## Recorded information
+ + + + +

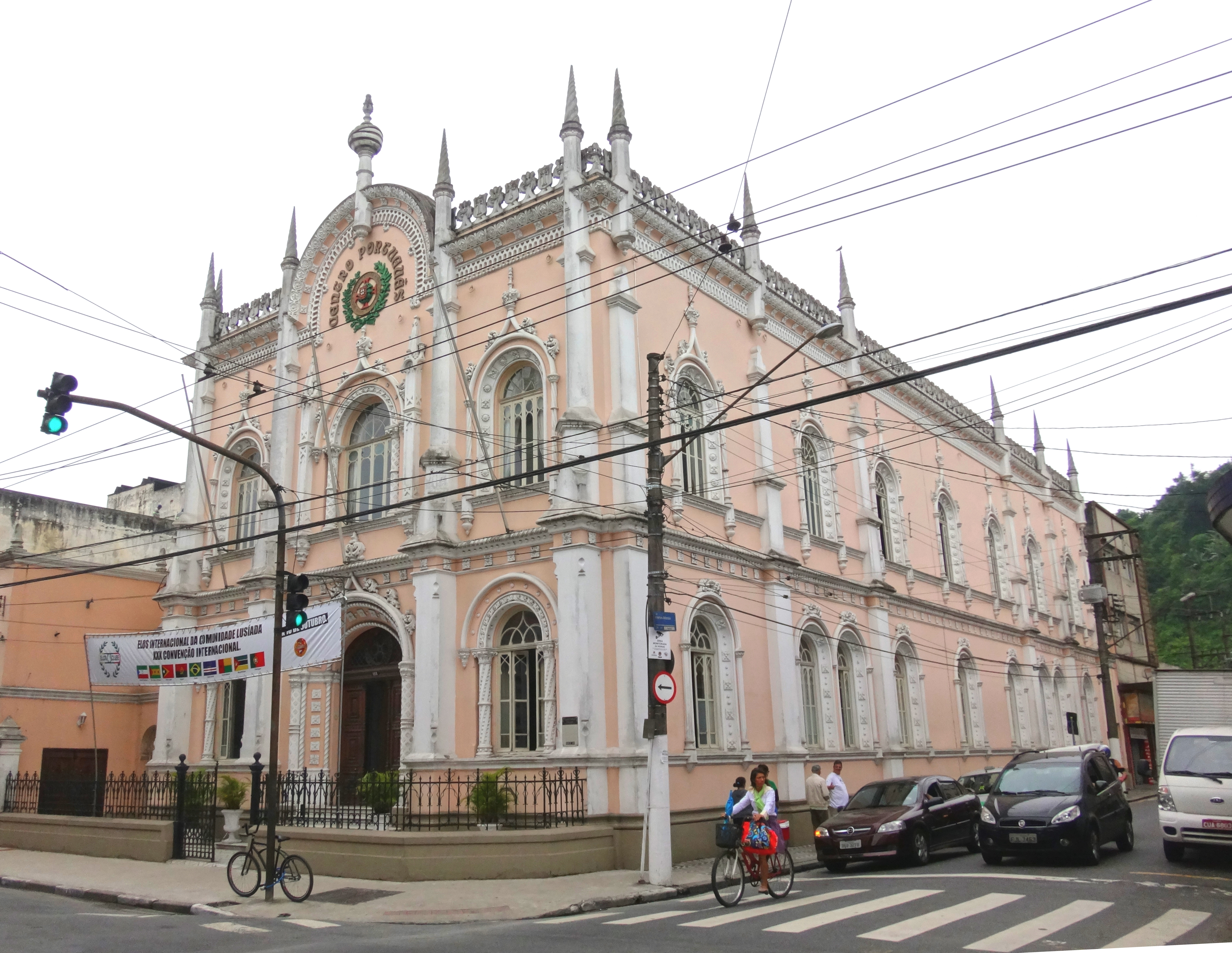 Building of the Centro Cultural Português (Portuguese Culture Centre) in Santos, Brazil.
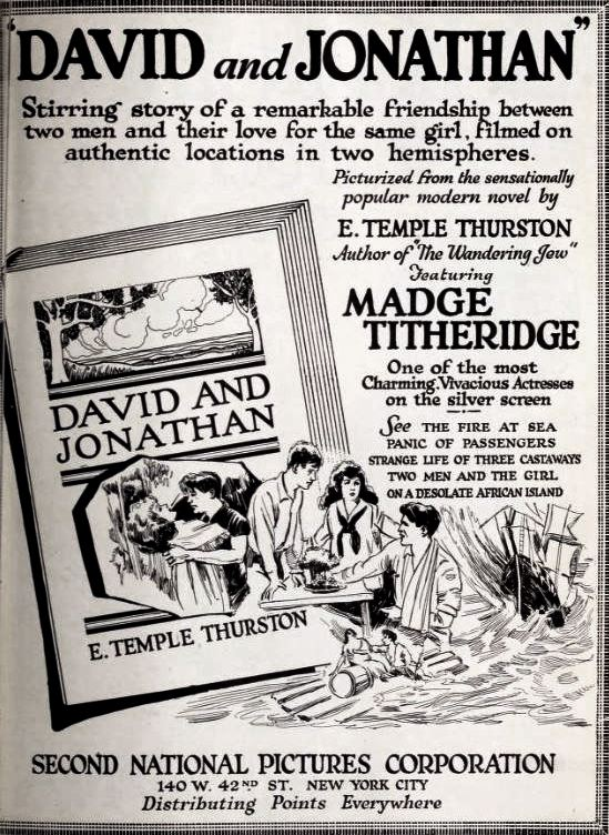 American advertisement for the British film David and Jonathan (1920), on page 19 of the January 14, 1922 Exhibitors Herald. The ad does not contain any stills or images from the British film and consists of a drawing.
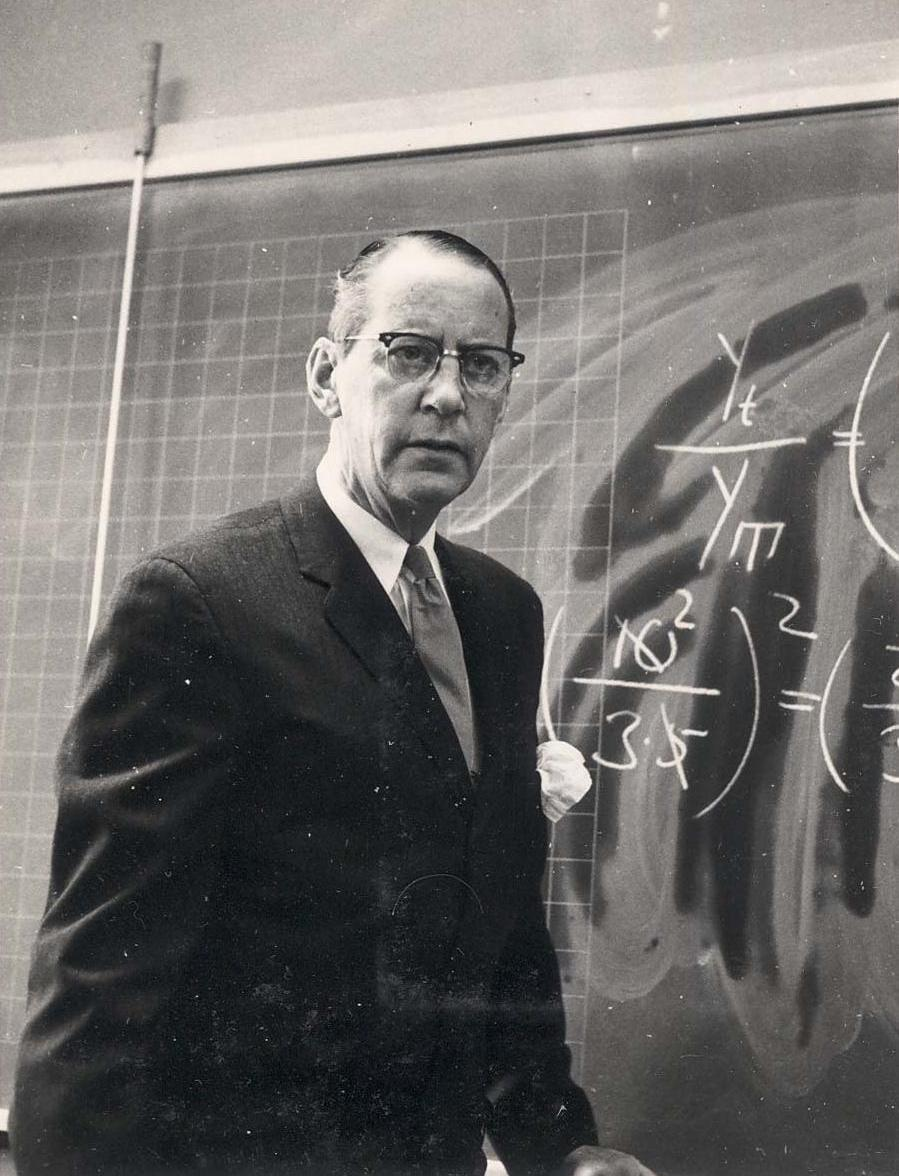 Former army major, mathematics teacher Agnar O. P. StradbergPlace: Mörbyskolan, Danderys, Sweden

+ + + + +

## Work task
Copy all the material word for word, minus its pictures.

## Reply
 Building of the Centro Cultural Português (Portuguese Culture Centre) in Santos, Brazil.
 American advertisement for the British film David and Jonathan (1920), on page 19 of the January 14, 1922 Exhibitors Herald. The ad does not contain any stills or images from the British film and consists of a drawing.
 Former army major, mathematics teacher Agnar O. P. StradbergPlace: Mörbyskolan, Danderys, Sweden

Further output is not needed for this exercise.